Este dar-Se a Si mesmo, o entregar-Se de Jesus e sua ordem ao final da ceia: “Este cálice é a nova aliança em meu sangue. Todas as vezes que dele beberdes fazei isto em minha memória” (1Cor 11, 25b); evidenciam que aquilo que a Igreja celebra na missa não é a última ceia, mas sim o que o Senhor, durante a Última Ceia, instituiu e confiou à Igreja; celebramos o memorial da sua morte sacrifical, pois, sabemos da sua ressurreição. Jesus dá aos discípulos o seu corpo e o seu sangue como dom da ressurreição.

Momentos fundamentais de Jesus, que mudam a história da humanidade, são vividos naquela mesma sala antes da Ceia; primeiro Jesus assume a condição de servo, de escravo: “levantou-se da mesa, tirou o manto, pegou uma toalha e amarrou-a na cintura. Derramou água numa bacia e começou a lavar os pés dos discípulos, enxugando-os com a toalha que estava cingido.” (Jo 13, 4-5); este é o sentido salvífico do seu serviço, Ele despoja-Se do seu esplendor divino, ajoelha-se diante de nós, lava e enxuga nossos pés sujos, para que possamos participar do grande banquete do Senhor.

Outro momento fundamental daquela quinta-feira reside nos discursos de despedida, que atingem o seu clímax na oração sacerdotal, Jesus fala da sua saída do Pai e de seu regresso a Ele. O sair é a descida até nós, não como declínio ou queda, mas como aproximação para nos trazer o verdadeiramente divino, Jesus desce a nós por causa do Amor incondicional de Deus pelos homens. E seu regresso para o Pai se faz com uma novidade - Jesus agora, não regressa sozinho, Ele não abandona sua humanidade. Em sua descida Ele assumiu a condição humana, viveu entre nós e nos amou até o fim; no seu retorno ao Pai nos atrai a Ele (Jo 12,32), deixando o caminho aberto para que todos nós passemos também um dia à vida gloriosa.

Porém, pouco adianta todo o comprometimento de Jesus para conosco, esse Amor Ágape de Deus que entrega-Se na cruz por intermédio de seu Filho amado, se não formos hoje capazes de viver nossas vidas conforme o testamento de Jesus na Ceia da quinta-feira Santa.

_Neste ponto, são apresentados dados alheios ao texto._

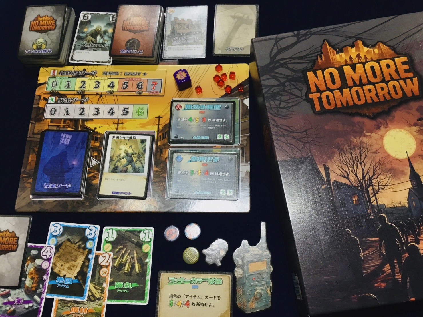 迫りくるゾンビたちを退けながら危機を脱することを目指す、協力型トリックテイキングゲームです。
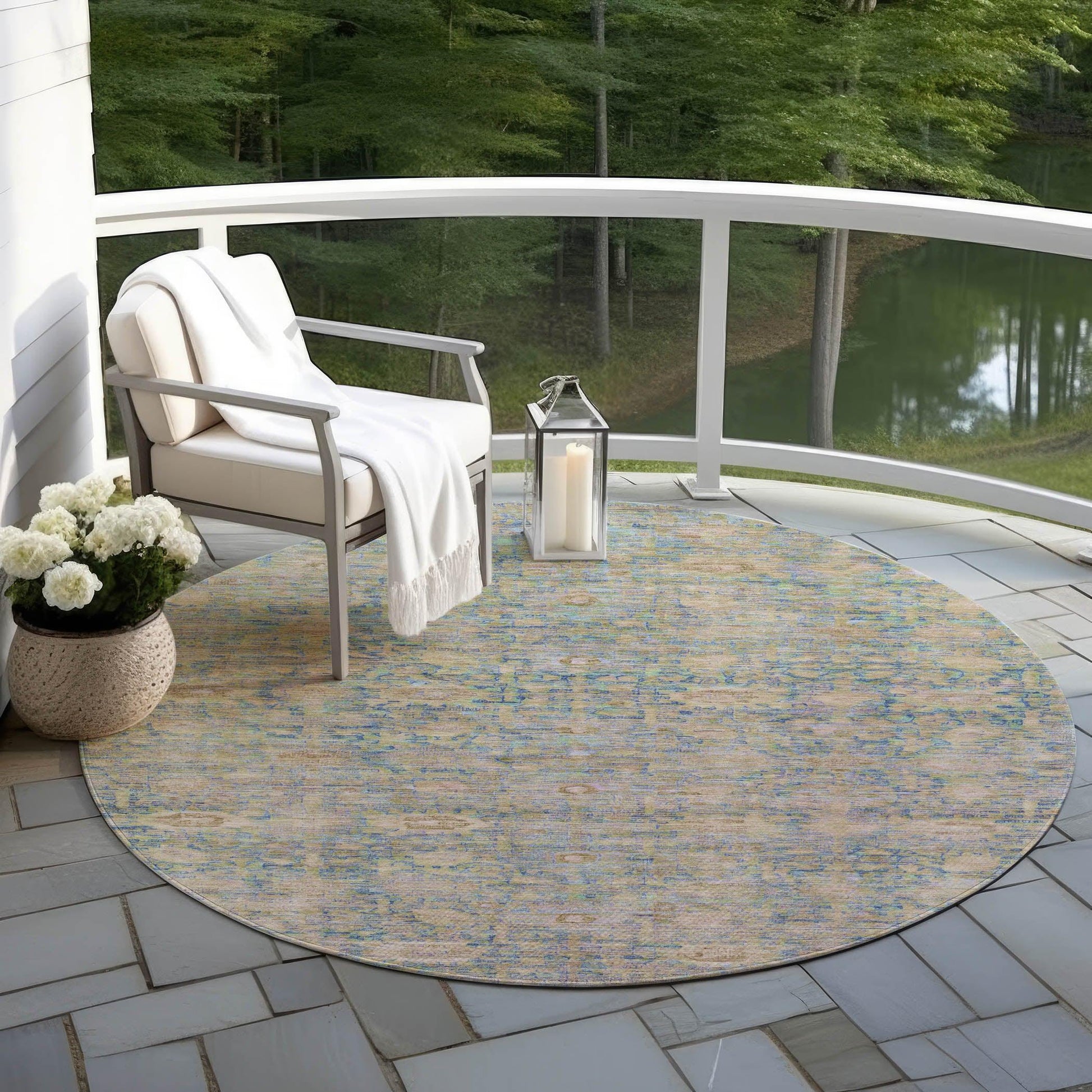 Faded, distressed motifs bring a vintage, old-world charm to this rug, adding character and depth to any space. The modern pattern introduces a fresh twist, creating a striking contrast between past and present. With its transitional style, this rug seamlessly fits into rooms that blend contemporary and classic design elements. It's designed for both indoor and outdoor use, making it a versatile addition to any home.
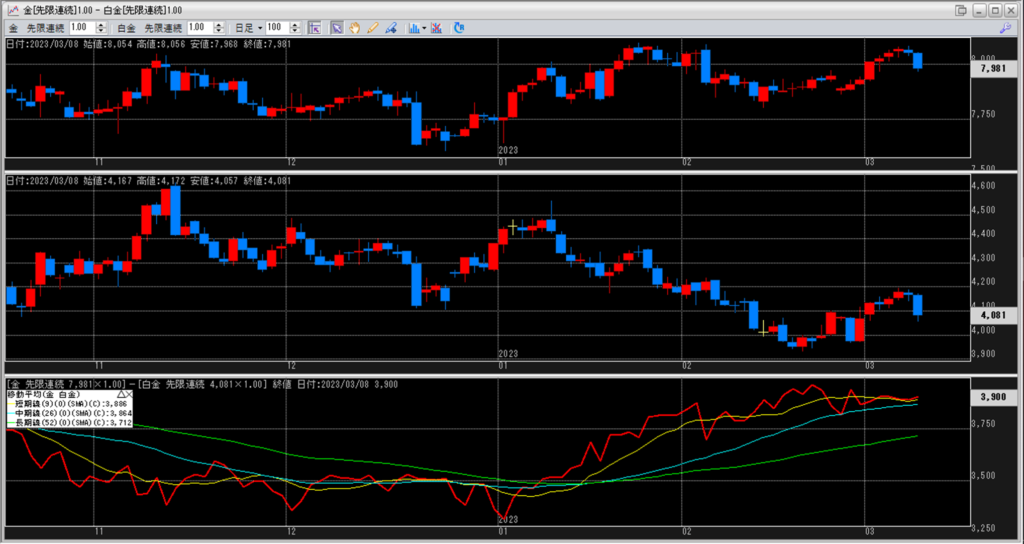 下記に金白金鞘の移動平均線のチャートを貼り付けています。
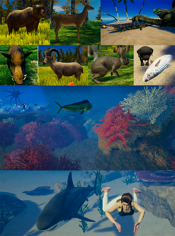 At present, there are more than a dozen land animals and fishes in the game, including Seagull, eagle,saltwater crocodile, great white shark, brown bear, prairie wolf, wild boar, hare, deer, viper, various marine fishes, etc., and more marine animals and birds will be added in the future,You can make the animal into a specimen and put it at home as a collection. Hunting will be very interesting.You can't imagine dozens of cold giant saltwater crocodiles lurking in the coconut grove on the beautiful island.
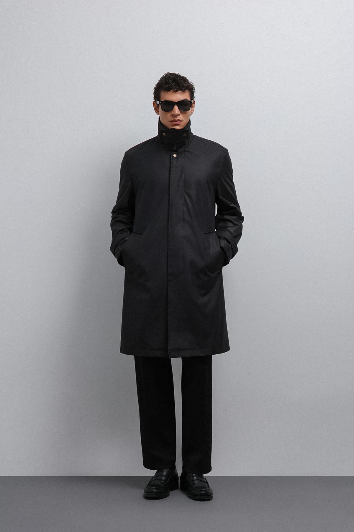 Antioch Siyah Kontrast Yaka Teknik Erkek Trençkot
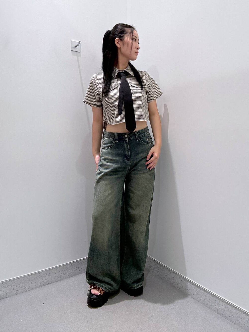 🌟トップス 取り外し可能なネクタイ付きのクロップド丈のシャツ✨✨ ネクタイ付きできれいめに、ネクタイを外してカジュアルな羽織りとして、様々な着用の仕方が楽しめちゃいます🩷 🌟ボトムス 全体的に加工を施したヴィンテージ感のあるデニム♡ 太めのシルエットで着回しがしやすく、一年中着用できる万能アイテムです😘
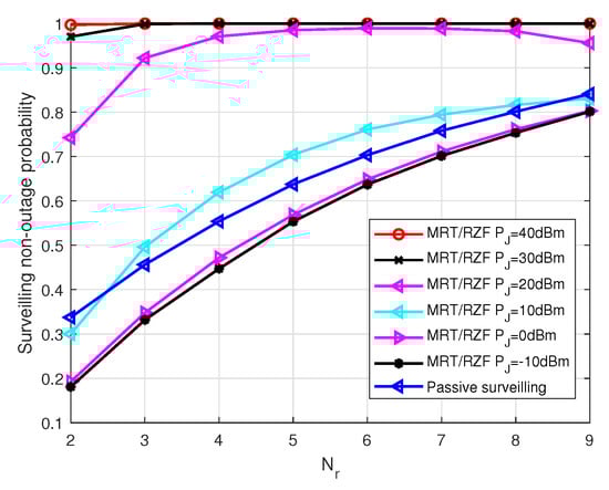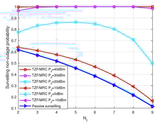 The surveilling non-outage probability of MRT/MRC scheme with different jamming power versus the number of transmitting antennas , , m, , , and .
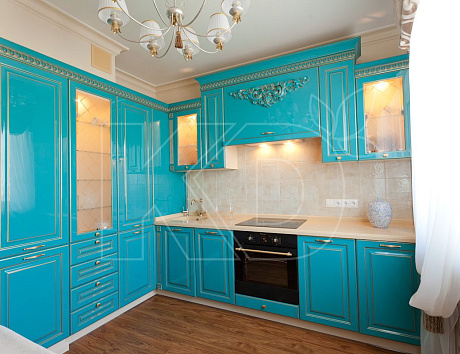 Темные оттенки синего наиболее уместны в стилях хай-тек и модернизм. Присутствие хромированных элементов и глянцевых поверхностей раскрывают возможности цвета, подчеркивают его глубину и выразительность. Прекрасно будет смотреться классический гарнитур с фасадами лазурного или кобальтового оттенка. Презентабельности такой мебели добавляют позолоченные ручки, резьба, рамки. Нельзя забывать о том, насколько выразительно выглядят синие кухни в интерьере, оформленном в стиле прованс. При этом мебель лучше выбрать в бирюзовых или васильковых тонах. Растения на подоконниках, льняные шторы и скатерти подчеркнут нежность и красоту этих оттенков.
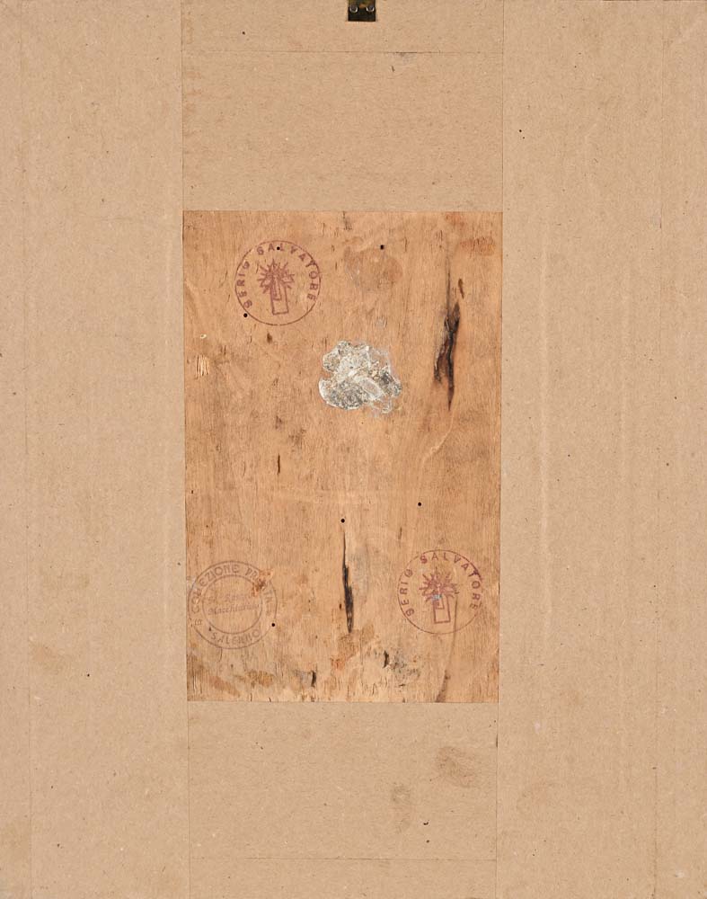 Sul retro timbri 'SERIO SALVATORE' e 'COLLEZIONE MACCHIARULO, SALERNO' Olio su tavola cm 21 x 14 - in cornice cm 33.5 x 26.5 Salvatore Serio, Napoli;
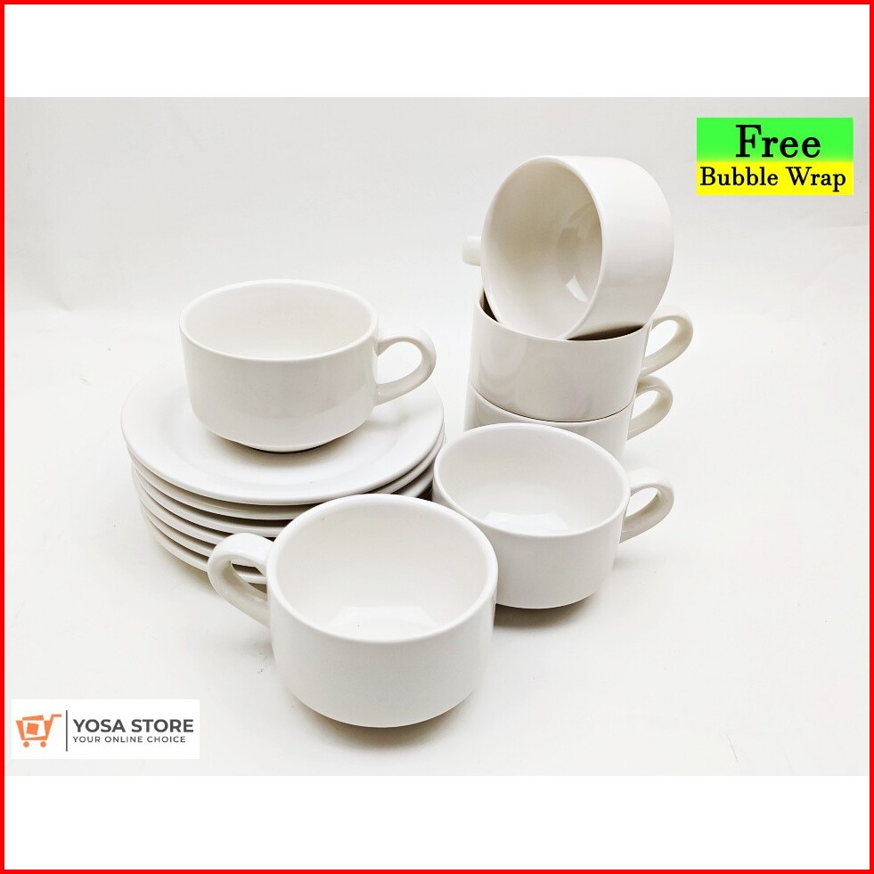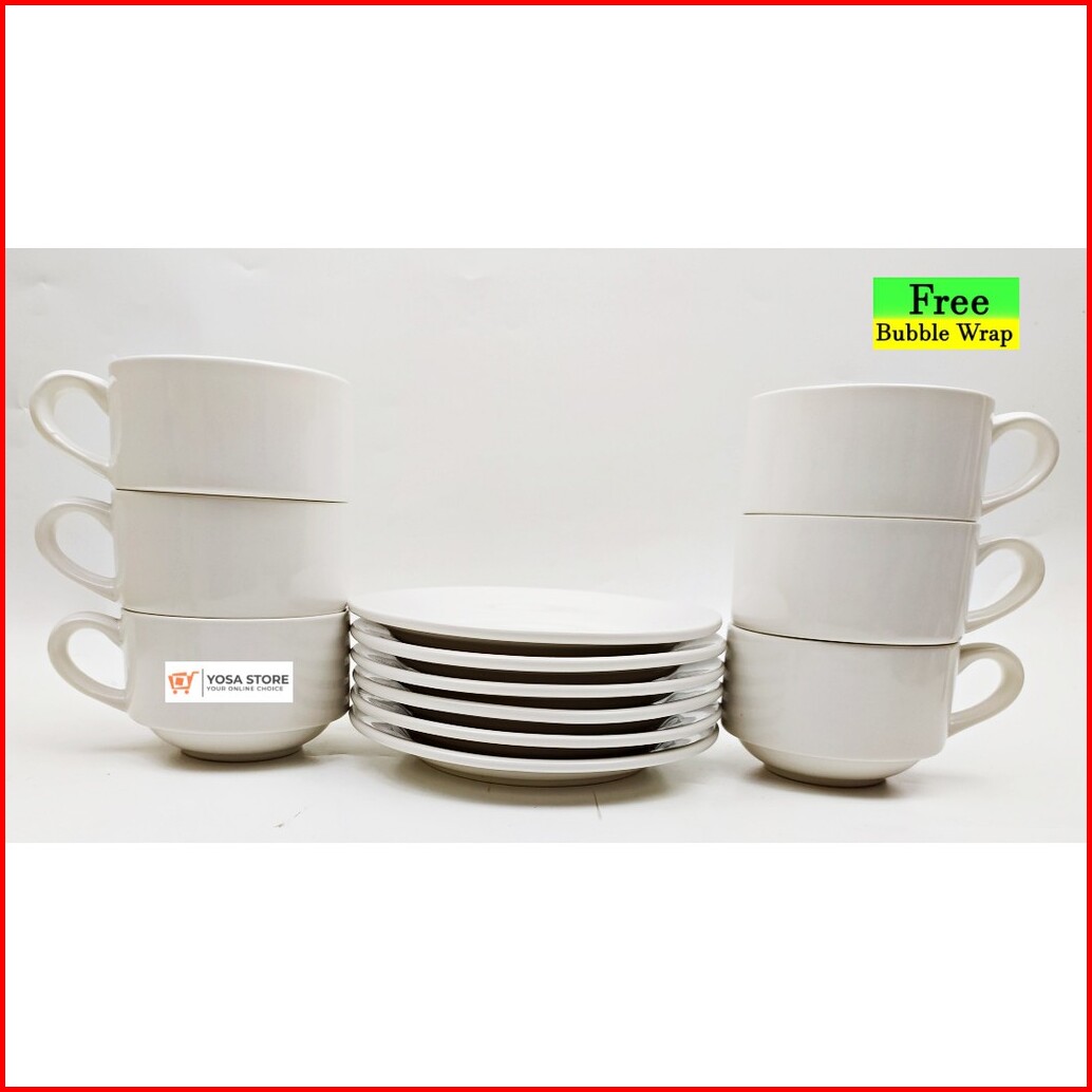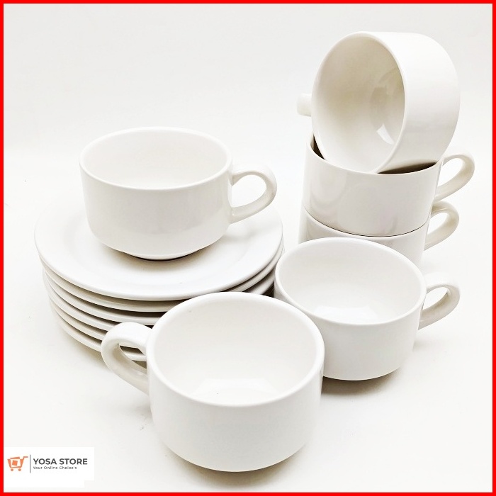 Cangkir Set Keramik Teh Kopi Hotel Putih Polos 12 Pc - Premium Quality
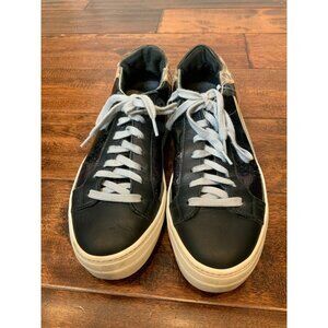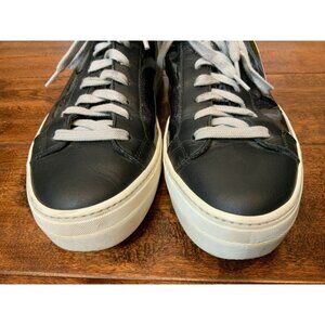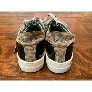 These P448 sneakers feature a purple sparkle patent leather upper with a stylish leopard pattern. They have a round toe shape, lace-up closure, and a flat heel. The shoes are comfortable with a standard shoe width and a leather insole.
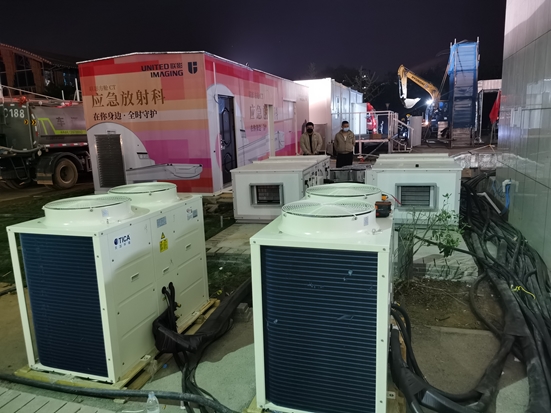 天加方面工程人员介绍,截止目前天加在国内设有南京、天津、广州、成都四地工厂,自有产品研发制造、仓储物流、配套安装的一体化解决方案以保障项目交付快速响应,减少重复采购、运输等诸多流程,最大程度上缩短方舱医院建设周期。

O mundo atual vive sufocado pelo relativismo, pelo monetarismo e pelo interesse, somos uma sociedade de troca e barganha; produtos e serviços são avaliados e trocados o tempo todo, muitas vezes barganhamos também sentimentos, corpos e relacionamentos. Um estudioso moderno certa vez declarou: “o amor é um fenômeno marginal na sociedade contemporânea”.

Se a Igreja hoje passa por tribulações, este é o momento de olharmos para a quinta-feira santa de Jesus, assumir nosso papel de cristãos (seguidores de Cristo) e como Ele viver o Amor de modo proativo e criativo, nos entregando ao serviço com a mesma humildade daquele que tudo podia, mas amarrou uma toalha na cintura e ajoelhou-se para lavar nossos pés.

Que a quinta-feira Santa, o dia da instituição do sacerdócio ordenado e do sacramento da caridade, seja o dia para contemplarmos e refletirmos sobre o inesgotável amor de Deus; e olhando o Deus que se abaixa para lavar nossos pés de modo a nos tornar limpos, o Deus que se entrega para nos alimentar a fim de que nele estejamos unidos e nos tornemos um só no Pai, enxerguemos Deus em cada um de nossos irmãos, que a Eucaristia se torne o ápice de nossa vida cristã, ecoando por todos os nossos dias e se renovando com generosidade sempre.